For a closed curve in the plane, curvature motion can be studied in the classical setting; that is, the solution exists globally in time and is smooth. For surfaces in 3D and higher dimensions, singularities can develop in the surface, such as topological changes (e.g., the number of connected components can change), and we are unable to interpret solutions classically beyond such singularities. Viscosity solutions offer the correct notion of generalized mean curvature motion, and describe how the surface evolves after formation of singularities. This is one example of a topic we will study in the course.
Course Information
Instructor | Jeff Calder (Office: 538 Vincent Hall, Email: jcalder at umn dot edu) |
Lectures | MWF, 2:30pm--3:20pm in 207 Vincent Hall |
Office Hours | Monday 12pm--1pm, Friday 12:30pm--2:30pm in 538 Vincent hall |
Lecture Notes | Viscosity Solutions, Jeff Calder |
Recommended Books/Papers | Bardi, M. and Capuzzo-Dolcetta, I. Optimal Control and Viscosity Solutions of Hamilton-Jacobi-Bellman Equations. Springer, 1997. Crandall, M. Viscosity Solutions : A Primer. Viscosity Solutions and Applications. Springer, Berlin, Heidelberg, 1997. |
Grades | Your final grade will be based on a selection of homework problems (50%) and a final presentation (50%). |
Readings | Readings will be assigned on a weekly basis and posted on the schedule page on this website.
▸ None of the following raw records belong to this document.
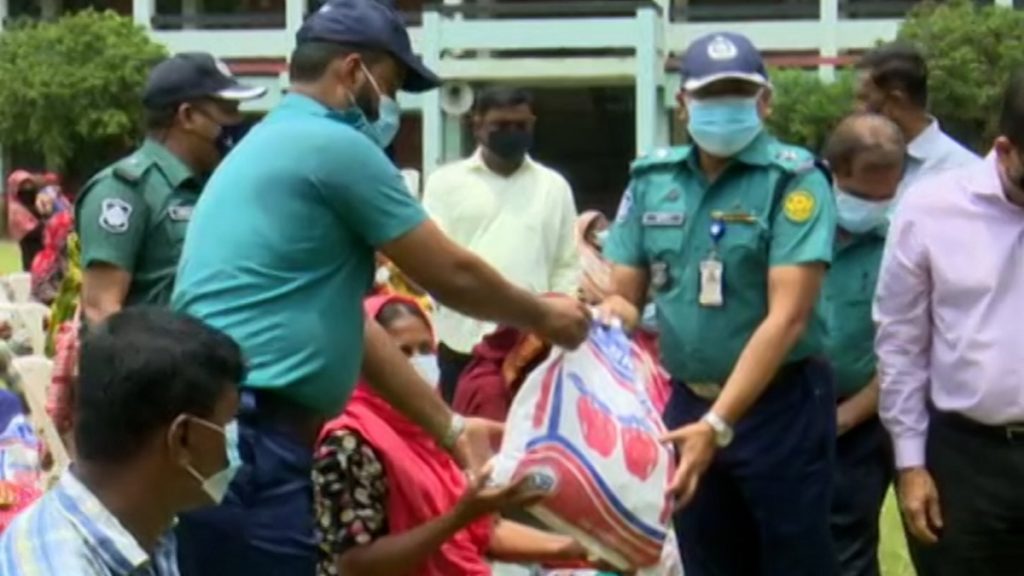 মহাখালী সাততলা বস্তির আগুনে ক্ষতিগ্রস্ত ৮০০ পরিবারের মাঝে ত্রাণ বিতরণ করেছে ডিএমপির গুলশান বিভাগ।
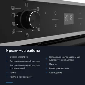 Режимы работы: Гриль + конвекция, Верхний + нижний нагрев, Верхний нагрев, Нижний нагрев + Турбо (Пицца), Кольцевой элемент + вентилятор + выпариватель, Размораживание, Гриль
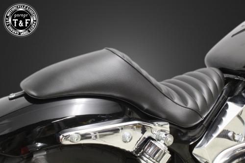 カラー:ブラック。シート表面:合皮製。シート裏:FRP製。シートインナー:発泡ウレタンフォームを使用。取り付けブラケット:スチール製。ブラック仕上げ。製品の特徴シンプルなデザインで飽きのこないスタイル。注意事項車体誤差によっては、フェンダー側に1カ所の穴あけ加工が必要になる場合がございます。一部、純正シートに付いている部品を使用して当社のカスタムシートを取り付け致します。(純正シートをお持ちで無いお客様は別売りのシートラバーをお買い求め下さい。)シートインナー(発泡ウレタンフォーム)は防水用の収縮する透明フィルムで覆われています。この特殊なフィルムは押したり、引っ張ったりしても簡単に破れるようなことはありません。このフィルム加工をすることにより雨水がウレタンフォームまで浸水することはありません。しかしながら表面合皮の縫い目から雨水が浸水し、ウレタンフォームとの間には雨水が入る可能性はございます。ただし、ウレタンフォームまで浸水することはありませんので良く乾いた布なので表面の水をふき取って頂き、天日干しして頂ければすぐに乾燥いたします。※十分な防水対策は施されておりますが完全防水ではございませんのでご了承下さい。
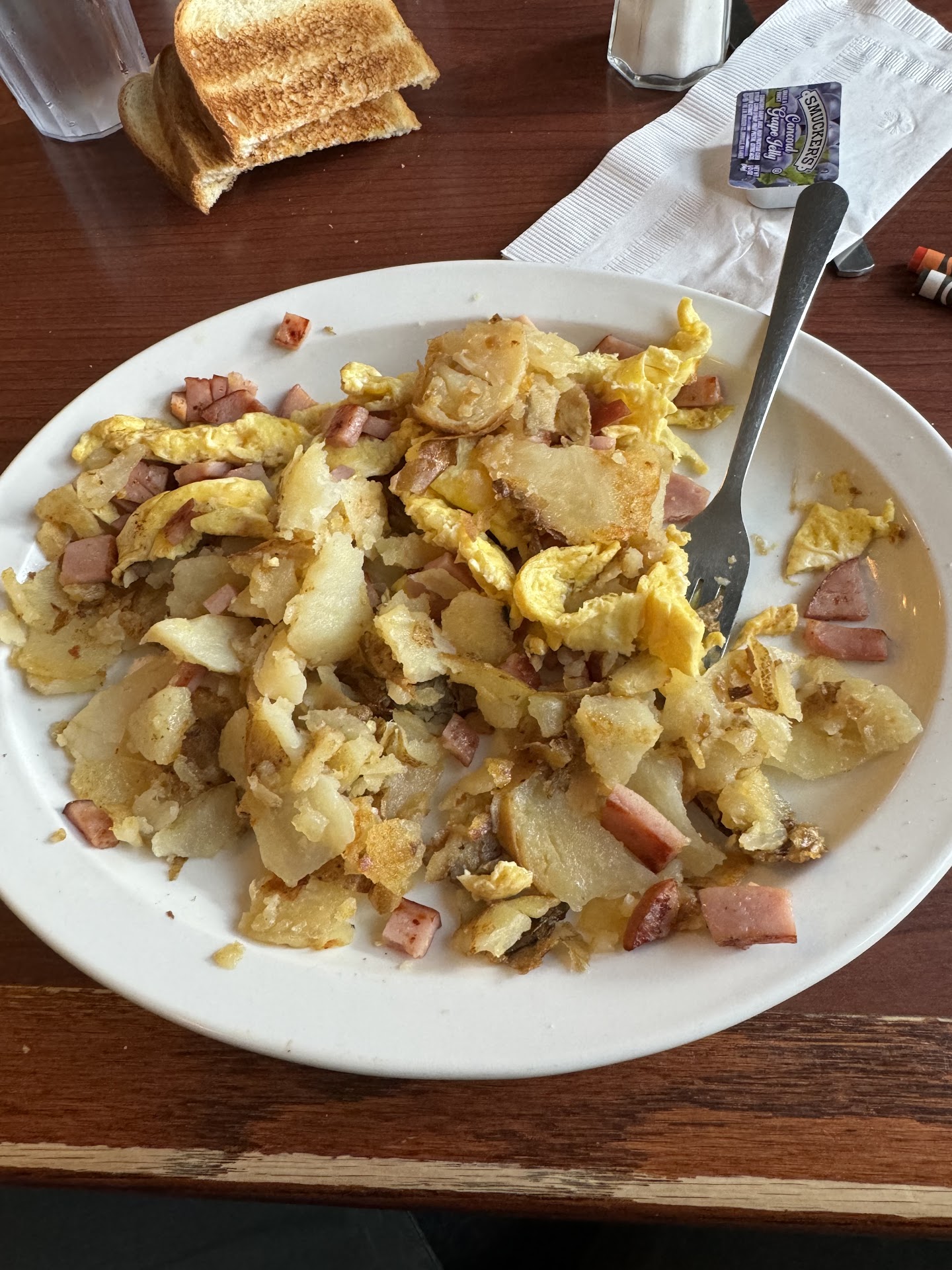Man. I wanted to like this place. Drive by it everyday. Really neat inside with historic photos. Staff were pleasant. Came in for breakfast with my son. 11 dollars for one pancake and sausage patty and 15 dollars for a scramble of eggs and ham with potatoes and “sourdough” toast. Little back and forth whether the toast was sourdough vs white toast- tells me “sourdough is white” - ya no kidding- so either they unknowingly grabbed the wrong bread or they bought the cheapest sourdough from Sysco and had the flavor and appearance of white bread. Either way extremely over priced for breakfast and food was bland and Sysco specials. No craft in the cuisine. Inflation is a thing but this was egregious. Was wanting to try for a long time and I can’t come back bc it’s just not financially...

It is very important to do the readings before attending the associated lecture. The lecture notes will be updated periodically on the schedule page. |
Homework | There will be bi-weekly homework assignments posted on this website that will be due every other Friday. Collaboration on homework is encouraged. |
Matlab | At least one homework assignment will involve some numerical computations in Matlab. All computers in Vincent Hall have Matlab, Mathematica, and Maple installed. All Linux lab computers in the college should have the same software. This includes the labs in Vincent Hall 5 (when no class is in session) and 270D. You can also download Matlab on your personal computer with a University license. The software as well as instructions are available here. Before downloading the software, you will need a CSELabs account, which you can get here. There is also a great open source alternative to Matlab called GNU Octave. The software is free and open source, and can be downloaded here. |
Academic Honesty | The School of Mathematics at the University of Minnesota expects that students in mathematics courses will not engage in cheating or plagiarism. Cheating, plagiarism, and other forms of academic dishonesty will result in a grade of zero on the homework assignment or exam in question, and, in severe cases, a failing grade in the course and a referral to the Office for Student Conduct and Academic Integrity (OSCAI). Students should be familiar with the Student Code of Conduct. |